When I repot plants (or plant them into the ground) my reaction is to ensure they are reasonably firmly covered and anchored in potting/garden mix, but I don't push it down very much. (It doesn't matter to much the plant, and I'm looking for general advice - but some plants that spring to mind include curcubits like cucumber and squash, nightshades like tomatoes - but even things like herbs and Jerusalem artichokes.

Someone way more experienced then I recommends compacting the potting mix quite heavily around the plant to support it. This "feels" wrong to me (maybe just because I've been doing it wrong?) because in my [probably naive] thinking the whole point of potting mix is that it is light, drains easily and allows air into the soil.

What is the accepted best practice here (and why?)


2 Answers 2


Go with your instinct. Plants want fluffy loam, not density.

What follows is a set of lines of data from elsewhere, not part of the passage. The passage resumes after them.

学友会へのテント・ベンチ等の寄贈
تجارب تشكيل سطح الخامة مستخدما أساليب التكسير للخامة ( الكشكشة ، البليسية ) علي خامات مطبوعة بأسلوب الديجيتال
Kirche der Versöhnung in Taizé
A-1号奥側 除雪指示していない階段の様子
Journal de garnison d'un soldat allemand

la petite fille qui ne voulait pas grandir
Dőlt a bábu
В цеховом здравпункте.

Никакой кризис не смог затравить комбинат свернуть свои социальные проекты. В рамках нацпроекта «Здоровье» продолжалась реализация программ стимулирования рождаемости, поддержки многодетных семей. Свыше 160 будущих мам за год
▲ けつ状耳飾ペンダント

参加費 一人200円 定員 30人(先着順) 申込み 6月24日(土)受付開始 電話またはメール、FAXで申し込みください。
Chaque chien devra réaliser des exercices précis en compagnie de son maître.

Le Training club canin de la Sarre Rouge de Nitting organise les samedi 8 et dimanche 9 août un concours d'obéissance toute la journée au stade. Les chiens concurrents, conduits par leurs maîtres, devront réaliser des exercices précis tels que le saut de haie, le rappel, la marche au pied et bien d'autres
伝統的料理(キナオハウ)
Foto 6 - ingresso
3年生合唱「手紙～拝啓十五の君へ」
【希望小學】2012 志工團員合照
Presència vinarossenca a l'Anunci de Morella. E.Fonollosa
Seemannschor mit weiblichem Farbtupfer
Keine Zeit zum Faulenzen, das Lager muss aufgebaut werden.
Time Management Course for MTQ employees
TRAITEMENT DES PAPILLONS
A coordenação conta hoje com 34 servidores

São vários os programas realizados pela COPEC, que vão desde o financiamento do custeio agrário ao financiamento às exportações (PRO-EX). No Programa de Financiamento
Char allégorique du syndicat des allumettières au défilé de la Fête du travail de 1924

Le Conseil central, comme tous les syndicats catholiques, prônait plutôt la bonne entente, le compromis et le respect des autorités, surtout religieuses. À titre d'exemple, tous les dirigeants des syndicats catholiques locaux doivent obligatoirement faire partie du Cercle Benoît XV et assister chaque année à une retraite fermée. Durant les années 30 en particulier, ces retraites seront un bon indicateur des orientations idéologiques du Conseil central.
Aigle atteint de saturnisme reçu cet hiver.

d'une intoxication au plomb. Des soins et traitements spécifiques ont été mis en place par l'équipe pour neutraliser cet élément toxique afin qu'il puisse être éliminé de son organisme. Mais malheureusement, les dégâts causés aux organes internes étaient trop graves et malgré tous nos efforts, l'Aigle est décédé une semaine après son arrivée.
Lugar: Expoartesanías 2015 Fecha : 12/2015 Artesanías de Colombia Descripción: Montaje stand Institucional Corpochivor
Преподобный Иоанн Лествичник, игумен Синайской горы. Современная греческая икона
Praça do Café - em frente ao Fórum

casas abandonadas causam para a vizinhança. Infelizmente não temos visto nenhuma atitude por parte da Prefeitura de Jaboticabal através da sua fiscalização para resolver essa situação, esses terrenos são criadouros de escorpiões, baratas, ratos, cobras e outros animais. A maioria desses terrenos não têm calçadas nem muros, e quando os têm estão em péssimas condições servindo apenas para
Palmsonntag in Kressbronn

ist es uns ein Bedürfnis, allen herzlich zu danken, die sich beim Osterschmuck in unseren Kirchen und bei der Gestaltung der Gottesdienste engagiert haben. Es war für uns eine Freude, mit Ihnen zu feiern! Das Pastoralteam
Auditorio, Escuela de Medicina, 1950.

Plants do not want large pockets of air, but do want small ones. "Muddying them in" (one good watering) is the way to settle the soil. Tie them to a twig gently for a month or a season of support, but do not crush the soil to do that work.

My father had some farming experience and taught me what your friend believes. Took me years of stomping that soil down hard to get away from that cowboy technique. Treat your newborns like newborns.

No Potting Mix

Potting mix, though, is for pots, not the ground. Your soil already has clay, say, and needs peat and sand but not a whole mix. For trees, a pampered mix is actually a bad idea - spoiling the plant to expect greenhouse luxury.


It's difficult to communicate via adjectives like compact it "hard" or "very much". I'll try being more precise. My amateur observation over potting anything in commercial soil mix are:

  1. undercompacted - the first watering(which needs to be large in amount) makes 1/4 of the soil to just disappear(of course this is the soil compacting but I find it spooky) and most of the water drain away within seconds, the plant might uproot itself by it's own weight

  2. overcompacted - the water forms tiny "lakes" which persist for more than a minute; the water seeps in any cracks or the gap from the soil to the pot

  3. perfect - water does tend to run down "hills" and into cracks but it is getting absorbed even onto the "hills", soil level might drop very slightly after the first watering

Treatments to those conditions I've found useful include

  1. Is easily solved by supporting the plant mechanically during the first watering and the adding more soil and lightly compact it.
  2. Get kitchen or field forks and stab the ground.
  3. To get here it's not only important to compact the soil the right amount but also in small enough steps. Say you get a large pot, fill it with potting soil, plant something, compact it, add more soil and compact that as well. Now you have a whole pot of uncompacted soil with a topping of probably overcompacted soil stopping water and air intake. So: compact as you go.